It would be very unjust to push the blame onto rural and not the urban areas. As per the 2011 census, there are 53 cities which have a million population, in India. A rise in population exacts a rise in need. For instance, electricity needs are increasing day by day, and with more than 70% of the country’s demand coming from Coal via the Thermal Power Plants, and a great amount of coal lying right beneath the tiger forests, once the coal in the existing mines is exhausted, there is no need to guess where we will look for the next coal mine. Additionally, the thermal power industry’s annual water draw is estimated at 25 billion cubic metres, which is more than half of India’s total domestic water needs. That’s the onus on natural resources, exerted by humans.

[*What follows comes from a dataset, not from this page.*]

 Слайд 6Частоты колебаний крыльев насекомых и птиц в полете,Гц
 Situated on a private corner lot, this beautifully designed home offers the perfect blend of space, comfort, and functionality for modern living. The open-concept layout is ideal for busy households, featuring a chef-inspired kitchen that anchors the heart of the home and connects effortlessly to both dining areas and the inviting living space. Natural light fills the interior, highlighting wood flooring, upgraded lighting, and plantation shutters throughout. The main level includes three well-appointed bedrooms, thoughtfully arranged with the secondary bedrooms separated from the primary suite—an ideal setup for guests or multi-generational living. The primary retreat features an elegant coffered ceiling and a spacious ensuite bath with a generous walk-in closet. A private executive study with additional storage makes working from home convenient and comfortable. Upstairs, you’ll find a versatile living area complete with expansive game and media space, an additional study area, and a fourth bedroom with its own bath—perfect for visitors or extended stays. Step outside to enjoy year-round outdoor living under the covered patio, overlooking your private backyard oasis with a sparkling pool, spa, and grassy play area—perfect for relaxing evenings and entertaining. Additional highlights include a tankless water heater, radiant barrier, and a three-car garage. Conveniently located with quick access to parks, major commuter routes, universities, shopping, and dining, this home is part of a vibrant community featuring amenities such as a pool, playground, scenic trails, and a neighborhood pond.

Human population is undoubtedly a factor influencing the health of a forest, but not the only or the major reason for the detrimental effects. A major burden lies with development in green areas. But how are green areas and forests earmarked for development, when there are so many laws, acts, regulations, green tribunals, wildlife boards etc., to safeguard the forests? Part of the answer lies in the definition of a forest.

The Forest Predicament

The textbook definition of forest in itself is an ambiguity. Forest Survey of India (FSI) provides a biannual assessment of forest cover, by preparing thematic maps at 1:50,000 scale using remote-sensing satellites and aerial photography. As per the ISFR-2019 report, total forest and tree cover of the country is 807,276 square kilometres (which is 24.56 percent of the geographical area of the country), which is an increase of 5,188 sq. Km over the 2017 assessment.

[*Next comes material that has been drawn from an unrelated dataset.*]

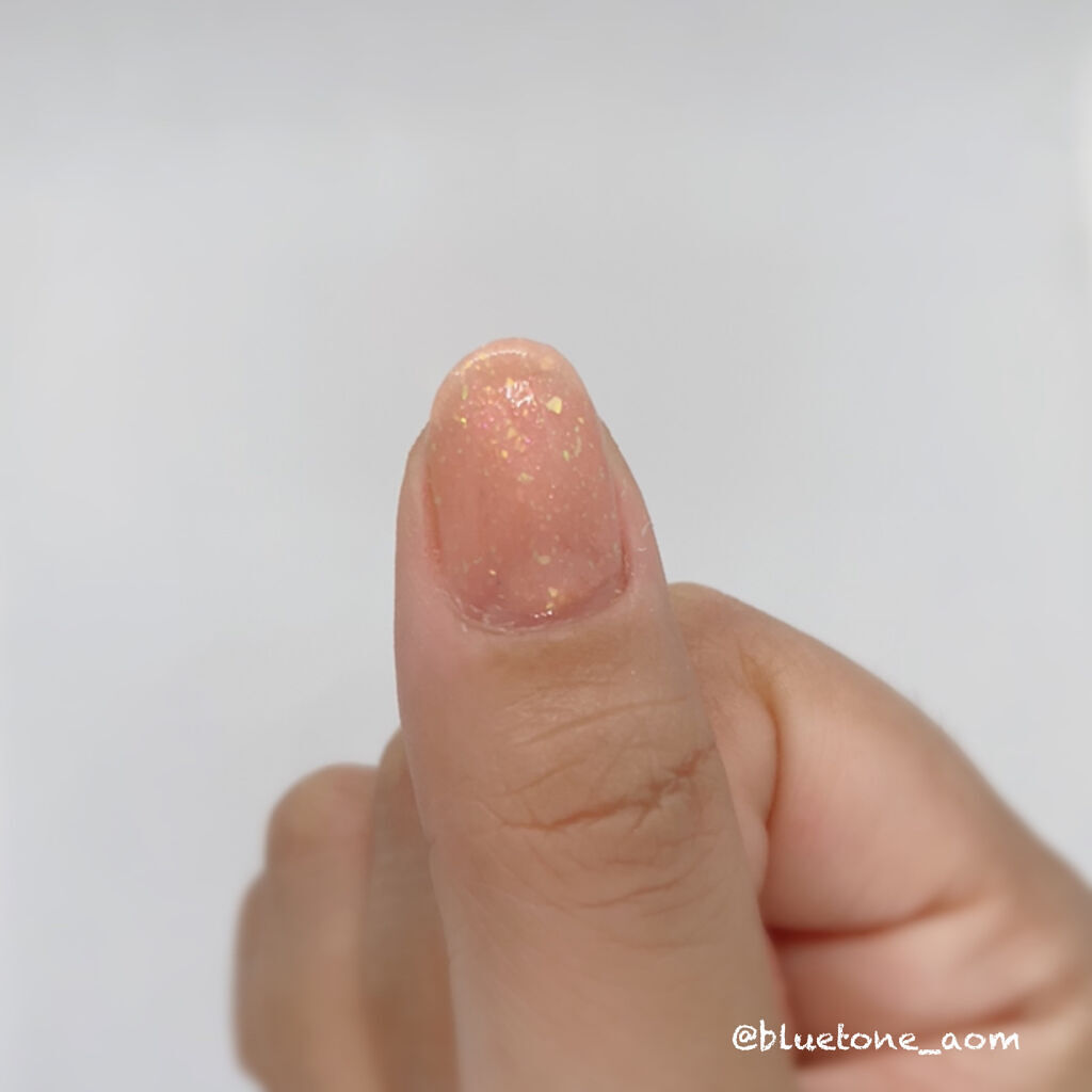 ラメがしっかりしてるし クリアカラーが入ってるから オーロラパウダー無しでも 充分キラキラしました! 反射強めのフィルムなので 実物はもっと うるうるとキラキラが強いです! ビー玉みたい🥺 ネイルシール長持ちさせたいけど ちょっと飽きてきたな〜って時とかに 全然違った印象になるのでオススメです! Seriaのベースジェル 本当にうるうるネイルしやすいので オススメしたい🙆♀️

Is the forest cover really increasing? What does forest cover actually mean?

Prior to 2016, Forest is either defined by dictionary definition or land recorded as a forest on any government record as per a 1996 Supreme Court order.

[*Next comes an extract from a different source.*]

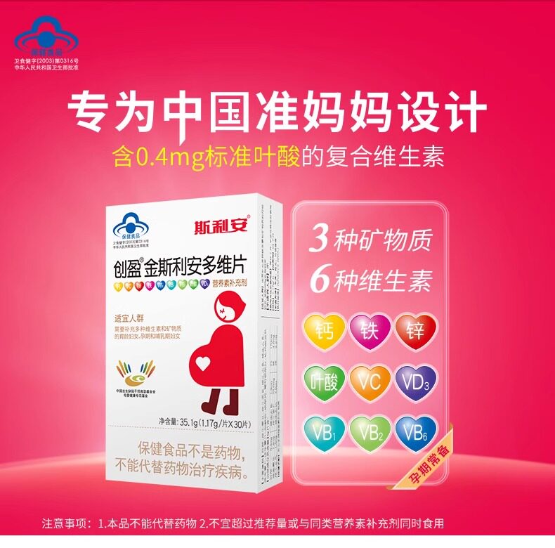 📚 斯利安叶酸孕妇叶酸片女士金斯利安多维片备孕孕期哺乳复合维生素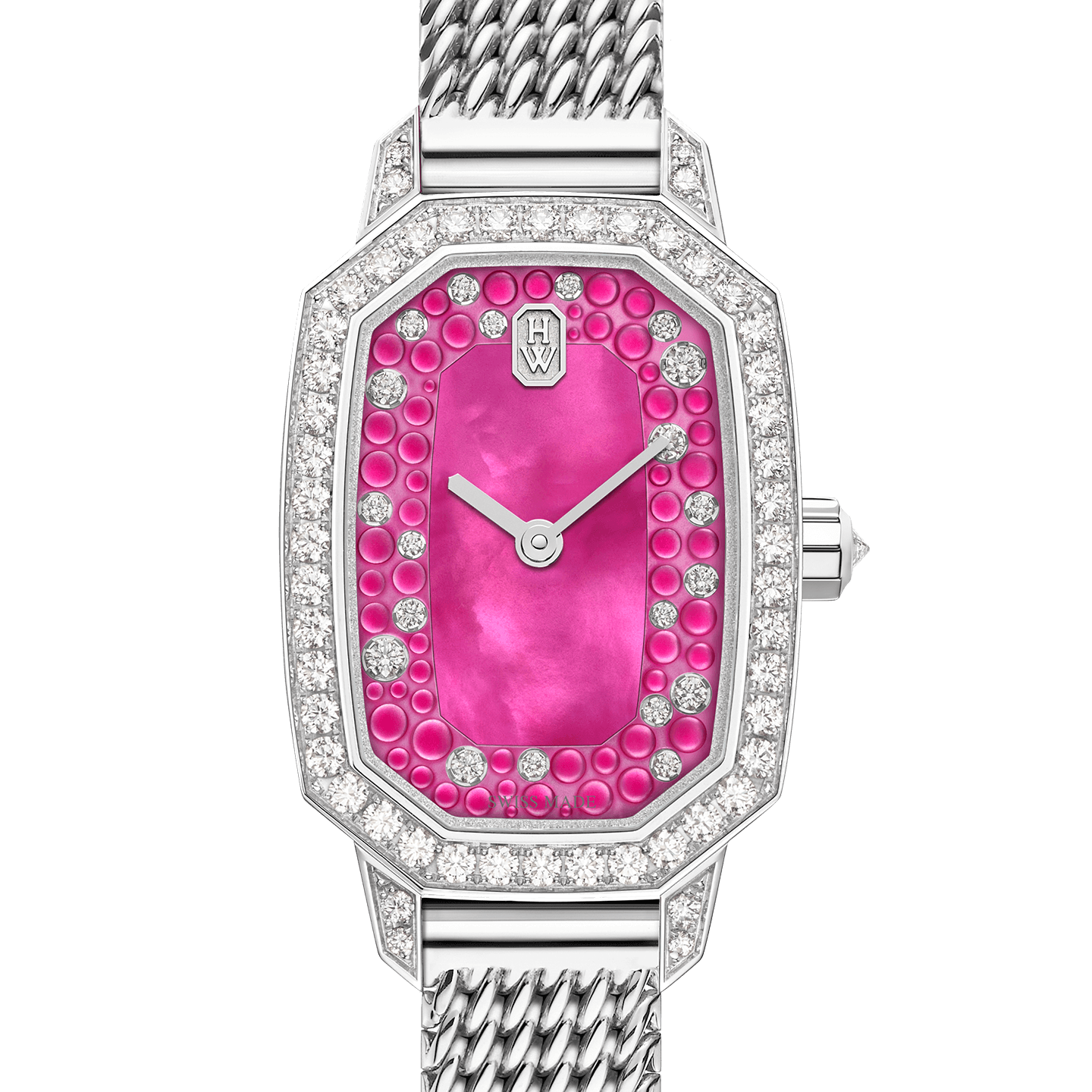 A new palette of captivating colors enriches Harry Winston’s sophisticated Emerald collection. With a winning combination of iridescent mother-of-pearl and icy diamonds, the dial of this Emerald timepiece delights with colorful cabochon adornments.

By 2016, Forest had a new definition, as below. The area is known as ‘Total Forest Cover’ which means,

    • Already recorded forest areas.
    • Patches classified as forests under state laws and land classification systems, such as chote jhad ke jungle, bani, oran, civil soyam land etc.
    • Geographical features such as gair mumkin pahad, ravines, nala etc. and even mangroves, alpine meadows and montane bamboo brakes etc.
    • In states with forest area less than 1/3 of the geographical area, land patches having 10 per cent crown density will be termed forest.
    • In states with demarcated forest area more than 1/3 of the geographical area, land patches having 40 per cent crown density will be termed forest.
    • Private plantations (upwards of 5 hectares) with more than 70% of natural forest will also be considered a forest.

This basically means that forest cover includes all man-made plantations, estates and monocultures. The definition is dangerous because not only does it create monocultured patches, but also eradicates natural ecosystems, despite a mandated compensatory afforestation elsewhere.

Using the loopholes in the archaic and amended laws, most development projects are given the nod, even in fragile ecosystems, which is the single biggest reason for wiping out of large and contiguous swathes of forests.

So, what exactly is the area of forest lost, in totality?

The Development Predicament

The most important clause of ‘legality of forest cover’, when it comes to development projects – Forest department while issuing a letter for clearance, specifically states “legal status of diverted forest land shall remain unchanged” even after the forest is cleared. Because, when a mining is completed, the cleared patch of land is filled up and returned to the forest department. Because, an irrigation project is still an area for fishing and tourism with a control by forest department.

But actually, how much forest is cleared in independent India? According to the Central Government data (such as Indian State of Forest Report), between 1951 and 1980 - 42,380 sq. Km of forest was diverted for development projects. The Forest Conservation Act enacted in 1980 made it difficult to divert forests, but still 15,000 sq. Km of forest was diverted for development projects for around 24,000 development projects since, with 1/3rd of the diverted land, around 5000 sq. Km, being given to mining alone. All in all, since independence, 57,380 sq. Km of forest was diverted to development projects. For a measure, 40, 340 sq. Km is the total core area of all the tiger reserves combined, in the present.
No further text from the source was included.